# [Assignment]
Give again only what runs from the line with "Irish Traditional Sweater" to the final line of the entries below, exactly as written and without pictures.

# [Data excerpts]
::::

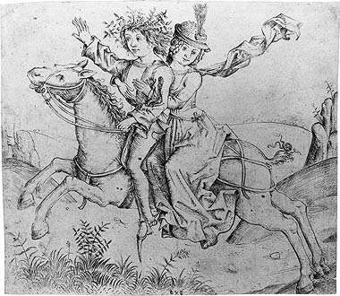 Če je bilo za dvorsko ljubezen (‘minne’) v literaturi 12. stoletja značilno idealizirano čaščenje žensk, se je to proti koncu srednjega veka spremenilo v umetnost galantnega osvajanja. Strastno zaljubljen moški je postal nor od ljubezni, lepa ženska pa simbol čutne sle in njene moči. V 15. stoletju se je tudi likovna umetnost vedno bolj posvečala temi nespameti zaradi ljubezni, pri čemer je prevzela motive dvorske ljubezni (‘minne’) in jih neredko parodirala.
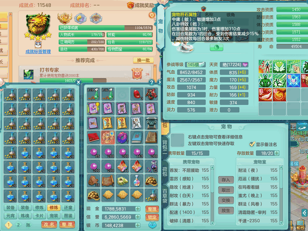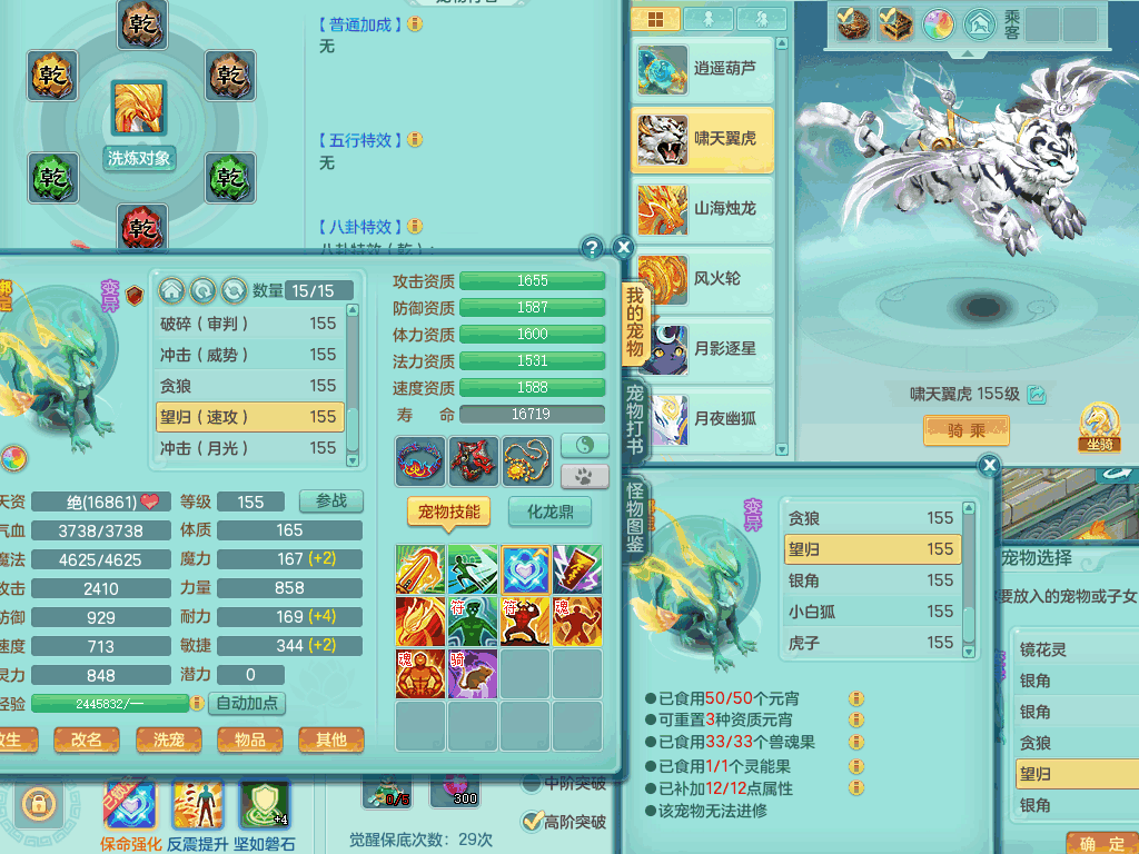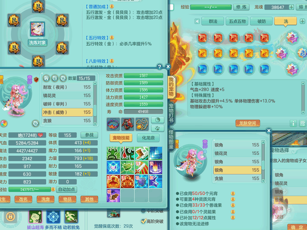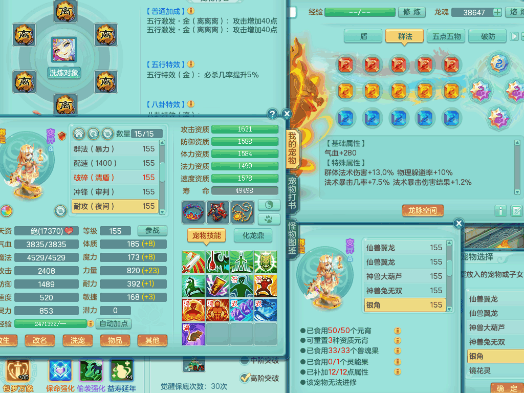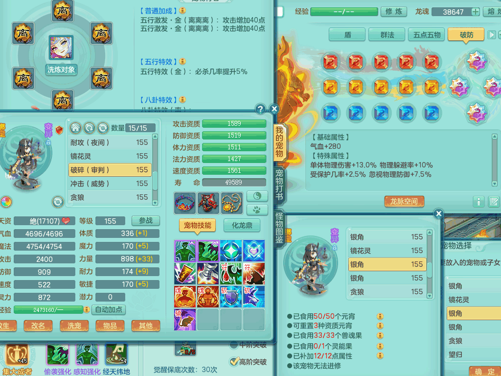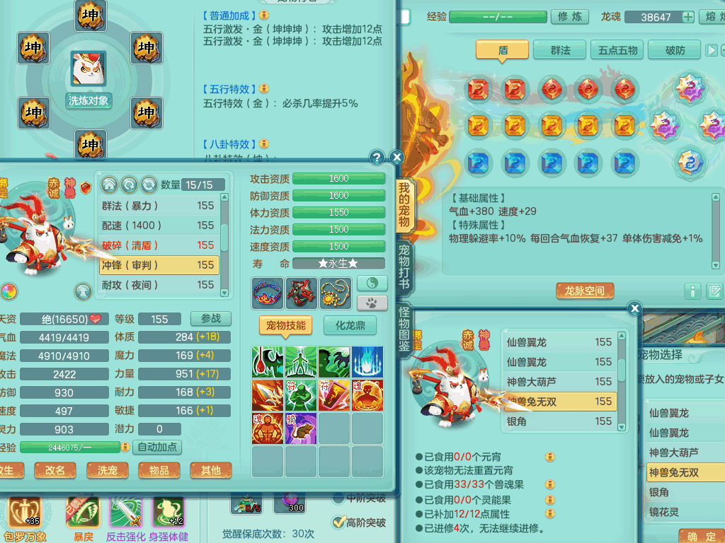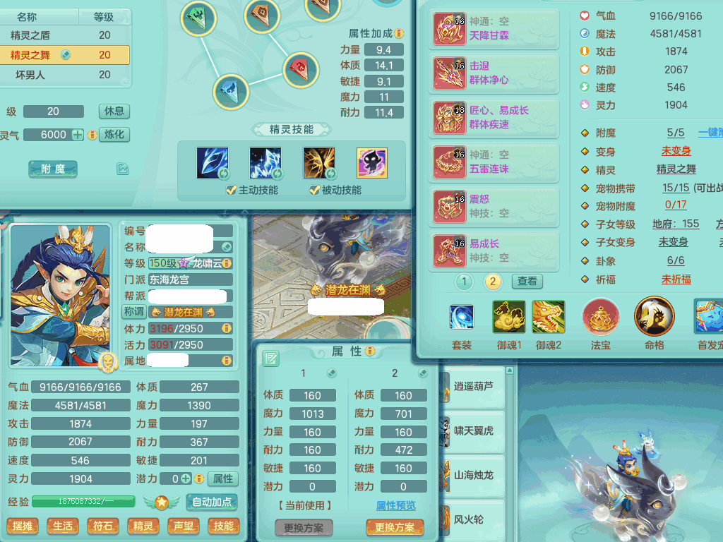 tx8441 天下无双159男龙宫,双精灵舞+盾,6龙3内胆神,2破镜,【9只觉醒,已潜龙】,8位靓号AABBAABB,10宠皮,2特殊(锤子,月光),2只六技能镜花灵,18段三红匠心易成长群疾衣服,5.5基础鼎+70攻+280血,15个格子,11个纯六字,2个五字,25只满果子,宠排在榜,经验修炼在榜,5个坐骑,带48天月卡。 2980邮箱
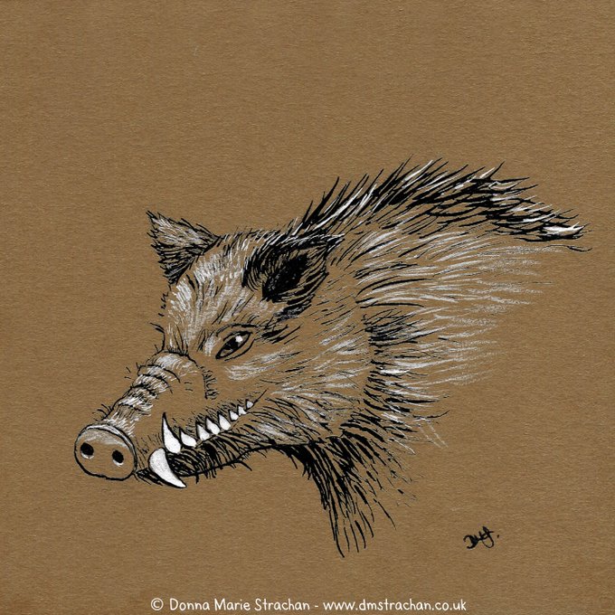 #Monstober Day 2 - Fangs. This little piggy is NOT going to market...🐖 Ink drawing on recycled kraft paper. I was trying to be more imaginative, but I need more practice at this monster making business! #drawtober #artchallenge #drawing #illustration
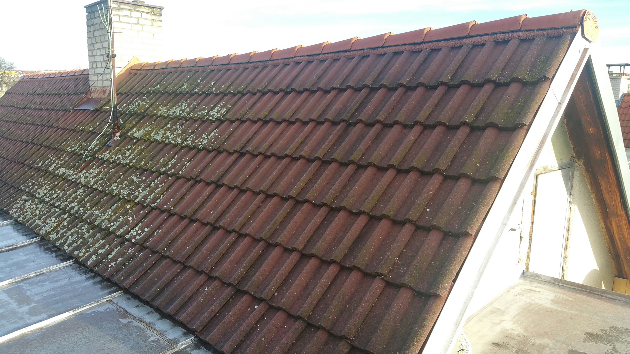 Dům má plechovou střechu sklonem cca 20 stupňů na západ(4x17m).Je zde štít s betonovou taškou o rozměru 2x9 m také na západ.Mohla by zde být konstrukce směr Jih.
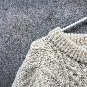 Irish Traditional Sweater Mens Large Cream Aran Cable Knit 100% Wool Ireland
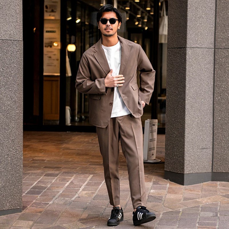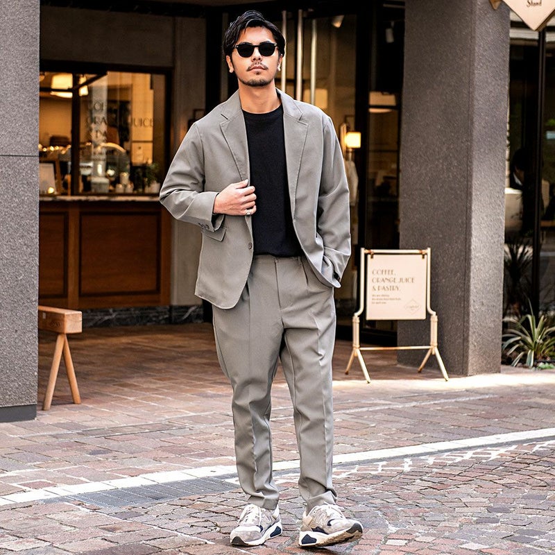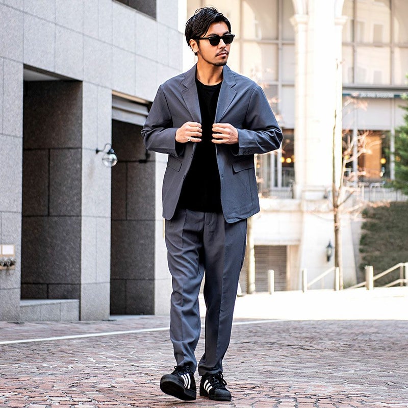 セットアップで着れば、フォーマルなビジネススタイルやドレスアップコーデに。
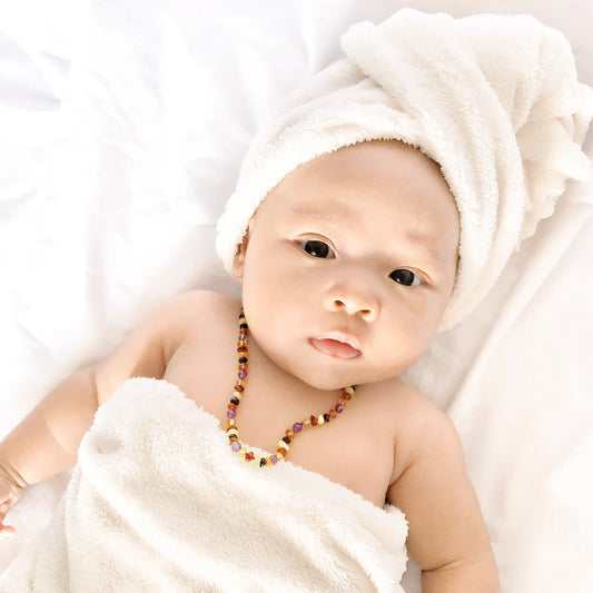 GELANG BAYI AMBER DENGAN PURPLE FROST AGATE. LE488
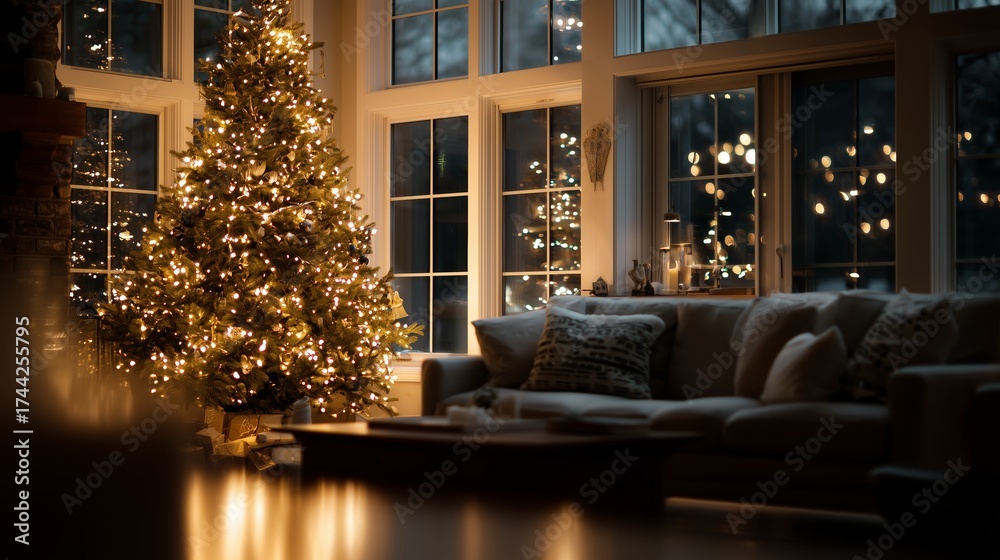 WEBLUX obraz na plátně 1D, 3D, 4D, 5D - Cozy holiday living room with a decorated Christmas tree and warm ambient lights

::::

# [Written reply]
 Irish Traditional Sweater Mens Large Cream Aran Cable Knit 100% Wool Ireland
 セットアップで着れば、フォーマルなビジネススタイルやドレスアップコーデに。
 GELANG BAYI AMBER DENGAN PURPLE FROST AGATE. LE488
 WEBLUX obraz na plátně 1D, 3D, 4D, 5D - Cozy holiday living room with a decorated Christmas tree and warm ambient lights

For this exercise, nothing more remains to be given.